Burton Frasher (July 25, 1888 – April 24, 1955) was an American photographer and publisher of mid-century modern ephemera. His black-and-white landscape photographs of the American West have been widely reproduced.

==Career==
After years of traveling while working in the fruit packing industry, he and his wife Josephine opened a photo shop in La Verne, California in 1914. Six years later they moved to Pomona where he expanded his studio by publishing postcards. Frasher went to great lengths to find images for his real photo postcards. He traveled extensively through California, Arizona, New Mexico, Colorado, Utah, and Nevada, ranging up through Oregon, Washington, and Alaska, and down through Baja California region and Sonora, Mexico, taking pictures during a time these locations were still largely inaccessible by road. The photographers most famously associated with the American West are Edward Weston and Ansel Adams. Whereas Weston and Adams treated the landscape as a canvas for formal artistic exploration, Frasher sought to capture the scenic wonders. He included the distant vista, the trail of footsteps, and the occasional human being, all devices to keep monumentality in scale. In contrast, Weston focused on geologic forms and the textures of sand and sky, creating abstract compositions in which distances are utterly ambiguous. It is a measure of their separate achievements that the 1939 Works Project Administration's Death Valley: A Guide reproduces images by both photographers.

During the Depression and pre-WWII years he reproduced his images as printed linens manufactured by Curt Teich, allowing national distribution. In 1948, over 3 1/2 million "Frasher Fotos" postcards were sold nationwide. Curt Teich was the most prominent and largest printer and publisher of Linen Type postcards, based in Chicago. Burton Frasher was one of the most prominent card publishers on the West Coast. Curt Teich printed most of the Linen Type postcards for Piltz utilizing Teich's "C.T. Art-Colortone" printing method. Other publishers in California include Stanley Piltz in San Francisco, Western Publishing and Novelty Company, Tichnor Art Company in Los Angeles, B. W. White in Monterey and Stephen H. Willard in Palm Springs.

Frasher looked closely at the developing urban landscape of the American West with a particular concentration on the cities of Las Vegas and Los Angeles.
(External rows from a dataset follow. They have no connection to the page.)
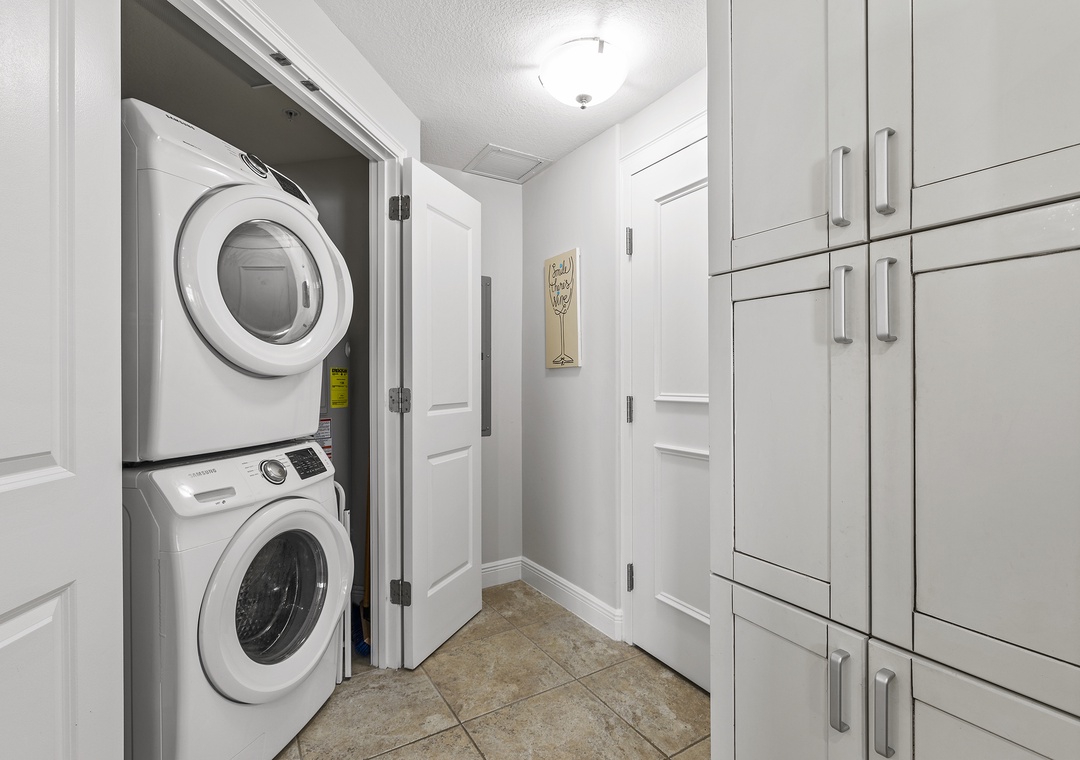 The condo is equipped with plenty of linens, towels, beach chairs, and all the conveniences of home to make your stay comfortable. There is an in-unit washer/dryer, cable TV, wireless internet, Keurig coffee maker and seating for six around the dining table.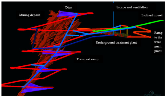 From the hydrogeological point of view, the uranium deposit of Kuriskova is below the local erosive level. The collector complex of rocks (andesite) is characterized by low permissibility, with dominant fracture permeability. Due to this, from the aspect of the future use of the deposit, the limiting factor will be the degree of draining of numerous fracture structures, which are also a source of fractured water springs on the surface in the vicinity of the deposit. The overall hydrogeological attitude is evaluated as simple (2nd degree of difficulty) [63]. The company Tetra Tech, Ltd., Golden, Colorado conducted a partial study that found that the main points of PFS were an initial rate of return of 30.8%, a 1.9-year payback, a net present value of USD 277 million at an 8% discount rate (pre-tax, base case assuming prices of USD 68/lb U3O8 and USD 15/lb Mo). Indicated resources total 28.5 million pounds of U3O8 (10 960 tU) and inferred resources amount to 12.7 million pounds of U3O8 (4 885 tU), using a cut-off of 0.05% U. It is important to note that the lifetime of mining operating costs are USD 22.98/lb U3O8 (USD 59.75/kgU), assuming a net molybdenum credit of about USD 1.27 per pound of U3O8 (USD 3.30/kgU). The project can be developed as an underground mine and a processing facility that would utilize conventional alkaline (non-acid) processing [64]. The method of the deposit opening was proposed by Tetra Tech Ltd. company in the final technical report for Kuriskova (June 2012), where the opening was chosen by a winze and two spiral ramps. The proposal of the deposit opening is shown in Figure 3. According to this proposal, the deposit is opened by the winze 2.6 km long with a cross-section of 6 × 6 m and 9.5% of decrement. The winze is further connected by two spiral ramps with a cross-section of 5 × 5 m and a degree of decrement about 10–12%. The first ramp is an opening work for the construction and access to an underground treatment plant. The second ramp is designed to access the deposit in its foot-wall and along its entire guide length. Transverse ditches will be gradually excavated from the ramp into the mining blocks [63].
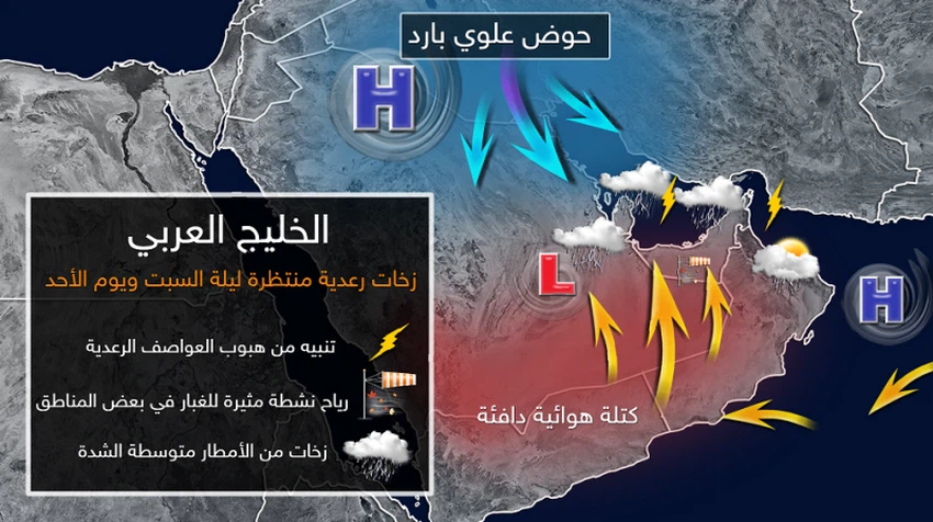 كما يتواجد منخفض جوي سطحي الى الجنوب الشرقي من الجزيرة العربية يدفع بكتلة هوائية دافئة من الجنوب، ويؤدي تقابل الهواء الدافئ القادم من الجنوب مع الحوض العلوي البارد من الشمال الى نشوء أحوال جوية غير مستقرة.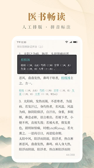 2、建立全面的中医知识检索数据库,包含药材、经方、穴位等专业信息。支持关键词快速查询,收录大量临床医案与实用药膳配方。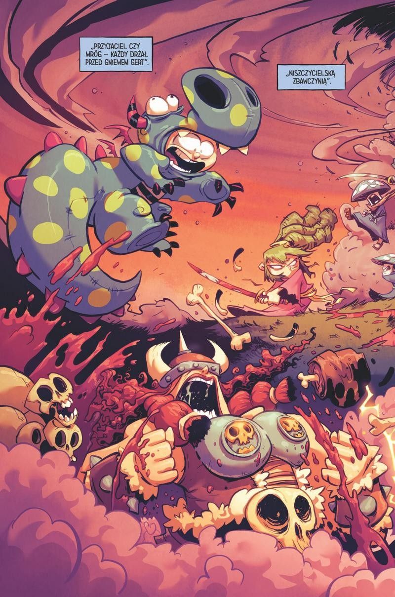 Skottie Young to twórca rozpoznawalny. Zwłaszcza jako rysownik wyróżniający się swoją uroczą, kreskówkową kreską. Przy całej cukierkowatości swych prac potrafi jednak się przełamać i dać czytelnikowi coś zupełnie odwrotnego. Nienawidzę Baśniowa to komiks, który mógłby nieopatrznie zostać kupiony przez rodzica dla swej pociechy. I jeśli ów dzieciaczek to osoba wrażliwa, niefrasobliwy opiekun zafundowałby mu małą traumę. Nienawidzę Baśniowa tom 5: Gert w piekle nie jest jednak okładkową pułapką. Widnieje bowiem na niej postać bliższa panteonowi przeciwników Batmana, niż dziecięcym bohaterom. I słusznie, bo przedstawiona tu przemoc i inne niepoprawne treści wywołałyby jeszcze szerszy uśmiech na gębie Jokera.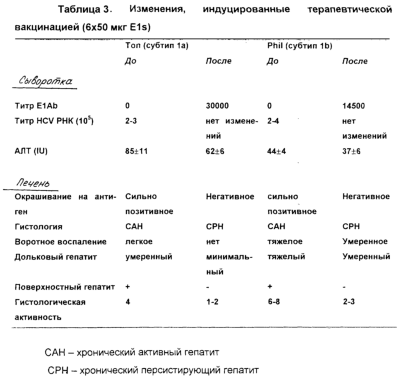 В таблице 3 представлен схематический обзор изменений, индуцированных терапевтической вакцинацией у двух хронически инфицированных шимпанзе (Ton и Phil). Анализ проводили, как описано для Фиг.8 и 11. Кроме того, оценивали гистологию и воспаление на основании биопсий печени.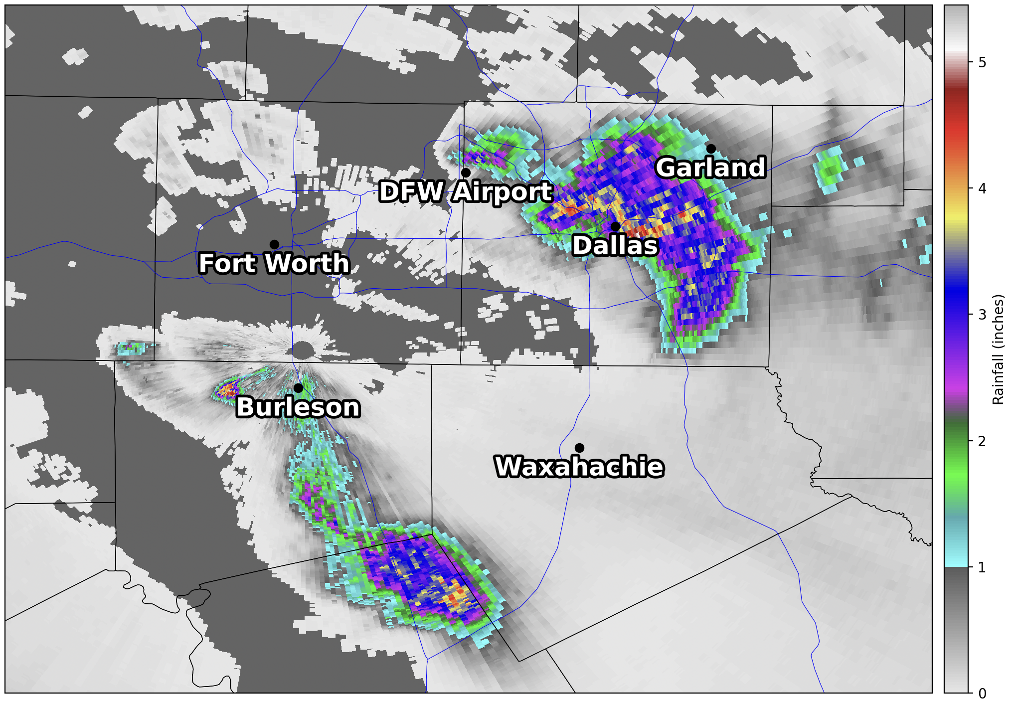 The one hour rainfall estimation product shows the amount of precipitation that has fallen over the last hour and is continuously updated. This short duration estimation is helpful when very heavy rainfall occurs in a short period of time.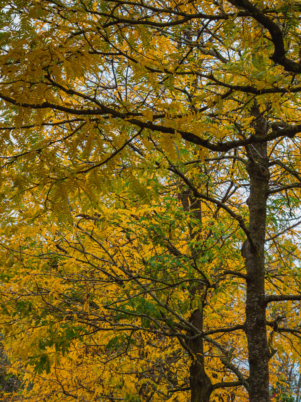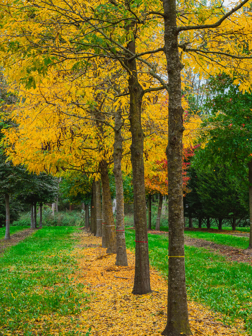 Die Blätter der Gleditsia triacanthos f. inermis werden im Herbst gelb.

Frasher's photographs detail the automobile's profound impact on the architecture of these two cities. His extensive archive of night photographs of Las Vegas and Los Angeles explores an urban world designed for observation and navigation from behind the wheel of a slow moving motor vehicle. He combined a passion for automobile travel and photography into a postcard business that proved popular with motoring tourists of the 1930s and 1940s. Frasher's photographs are a fascinating visual resource of a dynamic period in the history of modern California and the West.